Caused by op u'pyramid_1/AssignGTBoxes/Where_7', defined at:
File "train/train.py", line 339, in
InternalError (see above for traceback): WhereOp: Could not launch cub::DeviceReduce::Sum to count number of true indices. temp_storage_bytes: 1, status: invalid device function [[Node: pyramid_1/AssignGTBoxes/Where_7 = Where_device="/job:localhost/replica:0/task:0/gpu:0"]] [[Node: pyramid_1/fully_connected_3/BiasAdd/_2901 = _Recvclient_terminated=false, recv_device="/job:localhost/replica:0/task:0/cpu:0", send_device="/job:localhost/replica:0/task:0/gpu:0", send_device_incarnation=1, tensor_name="edge_27365_pyramid_1/fully_connected_3/BiasAdd", tensor_type=DT_FLOAT, _device="/job:localhost/replica:0/task:0/cpu:0"]]
How to solve this error
@ranwek @ahmedtalbi @smileflank @eliethesaiyan @satya2550 I also meet this problem, do you fix it?
Is it necessary to downgrade the tensorflow version to solve the problem?
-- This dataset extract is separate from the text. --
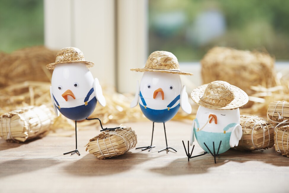 nożyczkami. Przymocuj dzioby, skrzydła, oczy i słomkowe kapelusze za pomocą
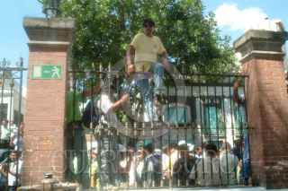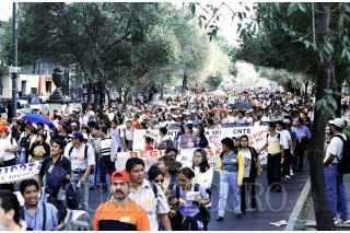 Profesores provenientes de Oaxaca y Chiapas se manifestaron a las afueras de la secretaria de Gobernación para exigir respeto a las escuelas normales rurales y la no privatización de la educación. FOTO: Nelly Salas/CUARTOSCURO.COM

Any other way?
To solve this issue , i trained mask-rcnn with python 3.6 , cuda 9.0 ,cudnn 7.0, tensorflow 1.8 , opencv 3.4.
"mkdir /data/coco" and put all downloaded data into it,then "python download_and_convert_data.py",you should see this: ...
None Annotations data/coco/train2014/COCO_train2014_000000284128.jpg
Converting image 2151/82783 shard 0 Converting image 2201/82783 shard 0 Converting image 2251/82783 shard 0 None Annotations data/coco/train2014/COCO_train2014_000000167118.jpg Converting image 2301/82783 shard 0 None Annotations data/coco/train2014/COCO_train2014_000000399262.jpg None Annotations data/coco/train2014/COCO_train2014_000000239942.jpg None Annotations data/coco/train2014/COCO_train2014_000000247177.jpg Converting image 2351/82783 shard 0 Gray Image 434765 Converting image 2401/82783 shard 0 Converting image 2451/82783 shard 0 Converting image 2501/82783 shard 0 Converting image 2551/82783 shard 1 Converting image 2601/82783 shard 1 Converting image 2651/82783 shard 1 Converting image 2701/82783 shard 1 Converting image 2751/82783 shard 1 Converting image 2801/82783 shard 1 Converting image 2851/82783 shard 1 Converting image 2901/82783 shard 1 Converting image 2951/82783 shard 1 Converting image 3001/82783 shard 1 Converting image 3051/82783 shard 1 Converting image 3101/82783 shard 1 Converting image 3151/82783 shard 1 Converting image 3201/82783 shard 1 None Annotations data/coco/train2014/COCO_train2014_000000458540.jpg Converting image 3251/82783 shard 1 ...
well, i had the same problem after i had trained about 6000 steps. the problem did not occur at the beginning of loading the graph and weight of the model. To solve this, i declined batch size from 24 to 16. Now, the train code is still runing, though i do not know whether the code will crash or not later.